Task goal:
Give back the exact lines of the material below from the one containing "夏季原宿风破洞牛仔短裤女高腰显瘦a字热裤大码宽松ins韩版阔腿裤" through the one containing "- 48-HOUR SWEAT", and no pictures.

■ ■ ■ ■ ■

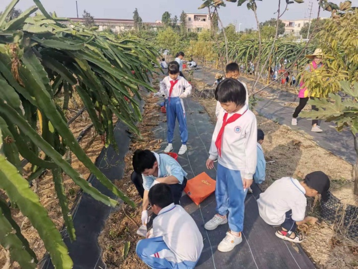 在實踐基地里,同學們先在老師的帶領下,環繞基地一周,參觀實踐基地的各種植物和小動物。然后由基地負責人分配勞動任務。同學們在班主任的帶領下進入火龍果園種植地除草和清理垃圾。勞動中,同學們分工合作,有的用鐵鍬除草,有的用鏟子松土,有的用小桶運雜草和園區的垃圾,大家相互配合、團結友愛,都不怕臟、不怕苦,積極地投入到社會實踐活動中。經過同學們辛勤的付出,華保生態園煥然一新,同學們積極、肯干、文明、守紀的表現受到基地負責人的贊賞。
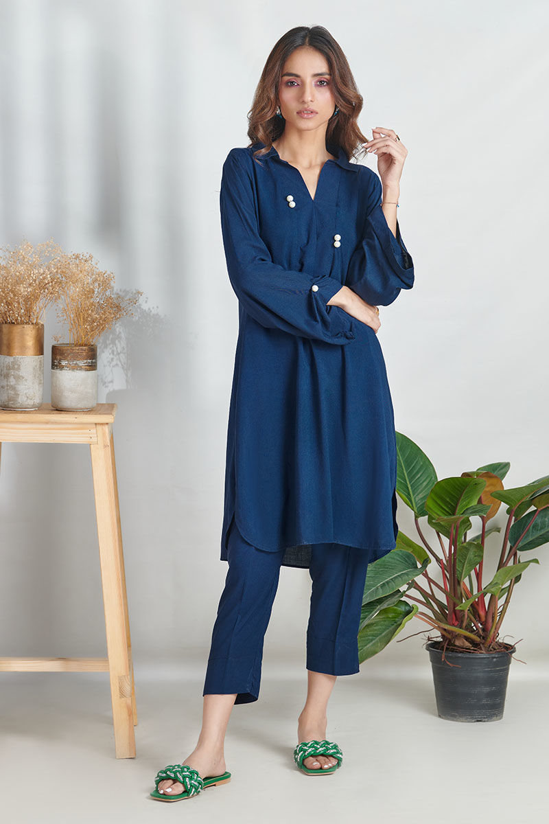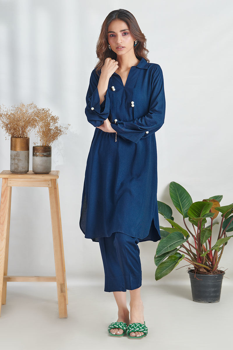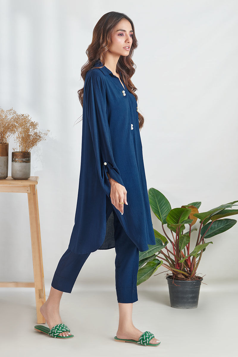 Basic co-ord set an outstanding choice for an exquisite look! A basic set of matching separates in easy breezy fabric of butter linen a perfect pick for this season. Includes Shirt and Trouser
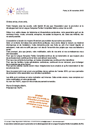 Lettre du Président de l’ALPC, Pierre-Christophe MERLIN :
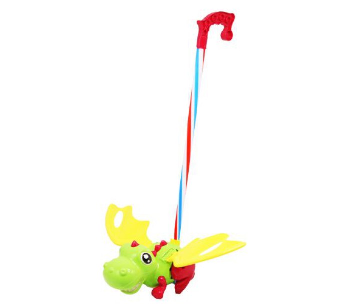 Пластикова каталка із ручкою у вигляді динозаврика. У наборі є крильця, які потрібно вставити в спеціальні отвори з обох боків іграшки. Під час руху динозаврик рухає крилами та лапками. Розмір іграшки (без ручки) – 17х14х40 см. Висота разом з ручкою – 54 см. Виконана з якісного пластику. Для дітей віком від 4-х років.
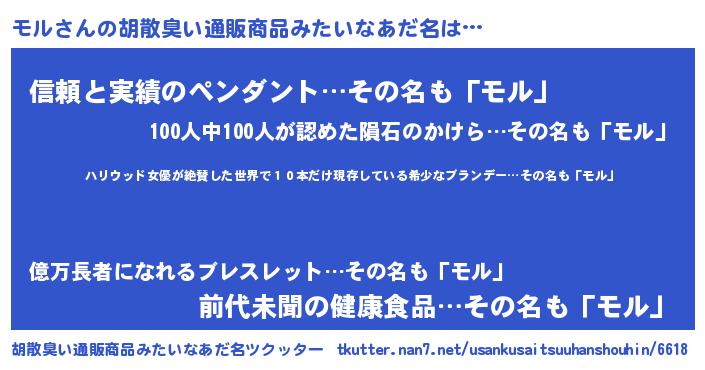 | ヘコむあだ名 | 『モルっぺ』『モル(笑)』『酢こんぶ』 |
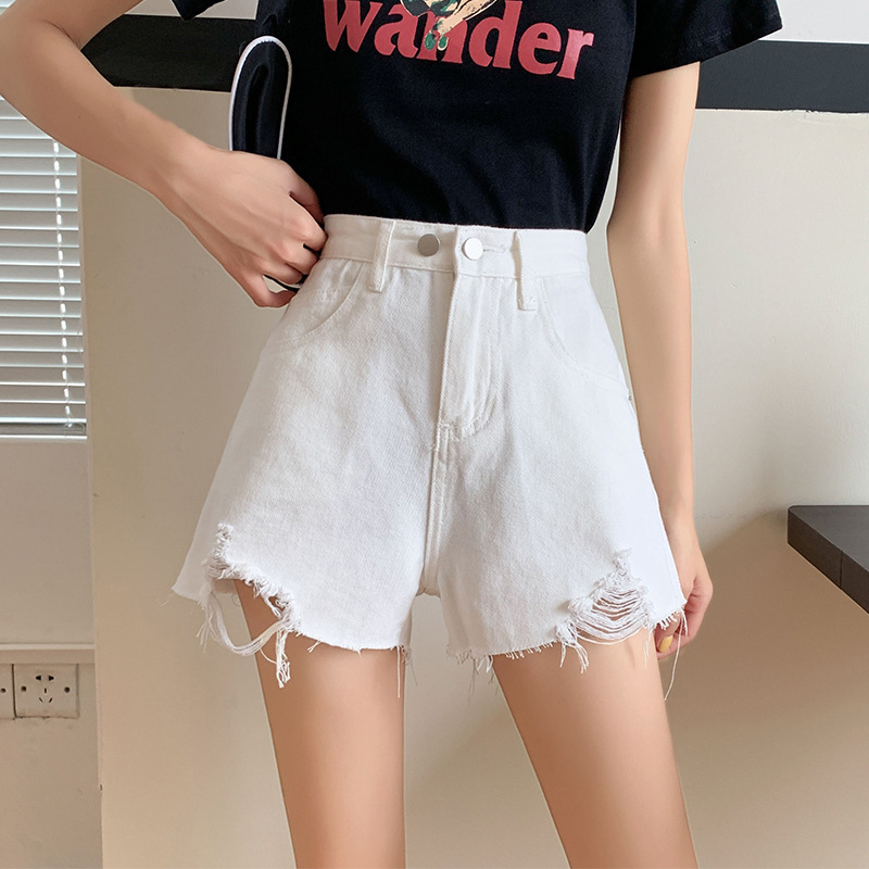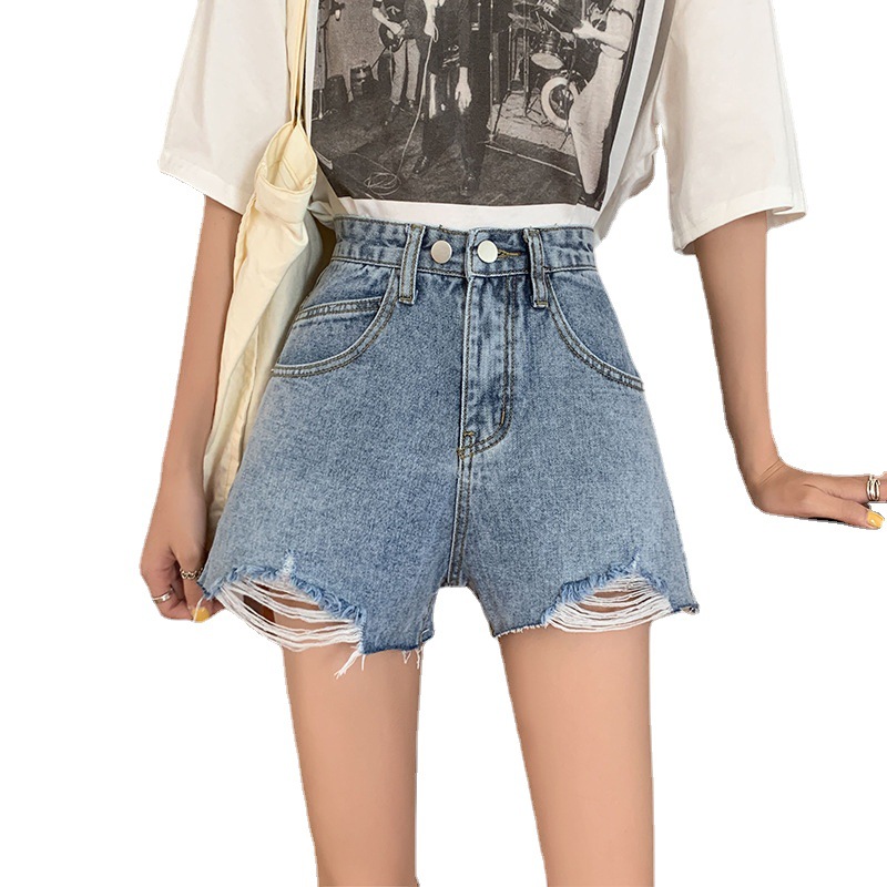 夏季原宿风破洞牛仔短裤女高腰显瘦a字热裤大码宽松ins韩版阔腿裤
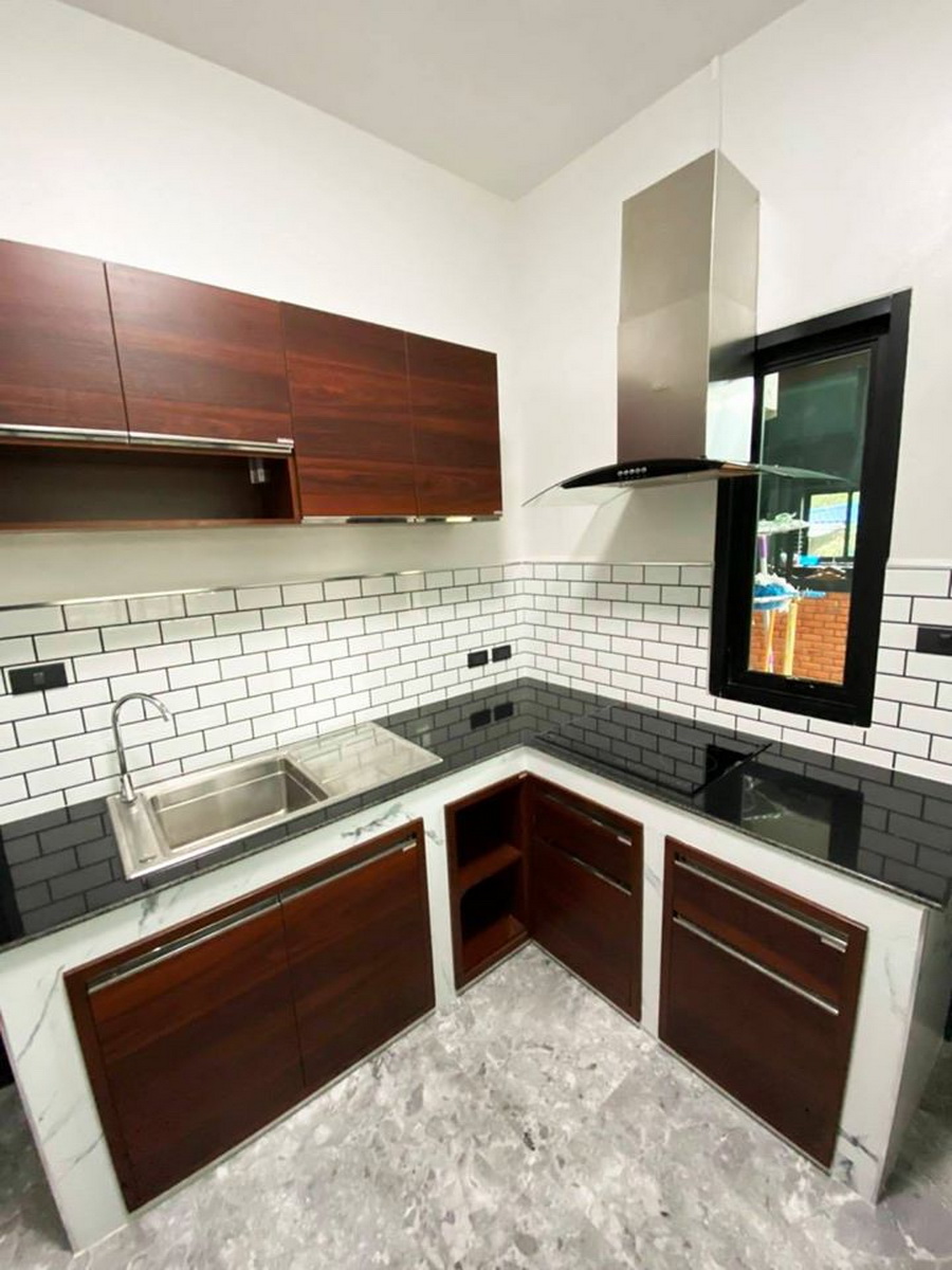 ในส่วนของห้องครัวเป้นห้องที่มีขนาดพอเหมาะ สามารถถ่ายเทอากาศได้ดี พร้อมกับมีสิ่งอำนวยความสะดวกในแบบโมเดิร์นที่ครบทุกการใช้งาน
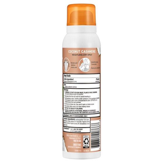 - 48-HOUR SWEAT & ODOR PROTECTION: Experience long-lasting freshness with Suave Coconut Cashmere Dry Spray Antiperspirant Deodorant, delivering up to 48 hours of reliable sweat and odor protection with a clean, weightless feel
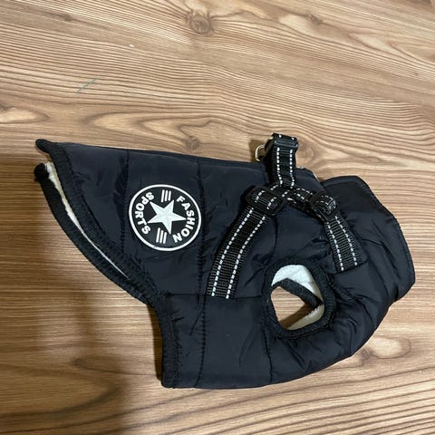 Nyt saatavilla kaksi uutta identtistä pukua. Lappeenrannassa voi sovittaakin ja postiinkin laitetaan tarvittaessa, mutta sitten lisätään lähetyskulut. Nämä ovat kokoa M, selkä 26 cm, rinta 40 cm, kaula 29 cm. Tuulta ja vettä hylkivä vetoketjullinen. Valjaat samassa joten ei tarvitse muita virityksiä, saa helposti hihnaan kiinni. Hinta on kappalehinta.

■ ■ ■ ■ ■

Solution for this exercise:
 夏季原宿风破洞牛仔短裤女高腰显瘦a字热裤大码宽松ins韩版阔腿裤
 ในส่วนของห้องครัวเป้นห้องที่มีขนาดพอเหมาะ สามารถถ่ายเทอากาศได้ดี พร้อมกับมีสิ่งอำนวยความสะดวกในแบบโมเดิร์นที่ครบทุกการใช้งาน
 - 48-HOUR SWEAT & ODOR PROTECTION: Experience long-lasting freshness with Suave Coconut Cashmere Dry Spray Antiperspirant Deodorant, delivering up to 48 hours of reliable sweat and odor protection with a clean, weightless feel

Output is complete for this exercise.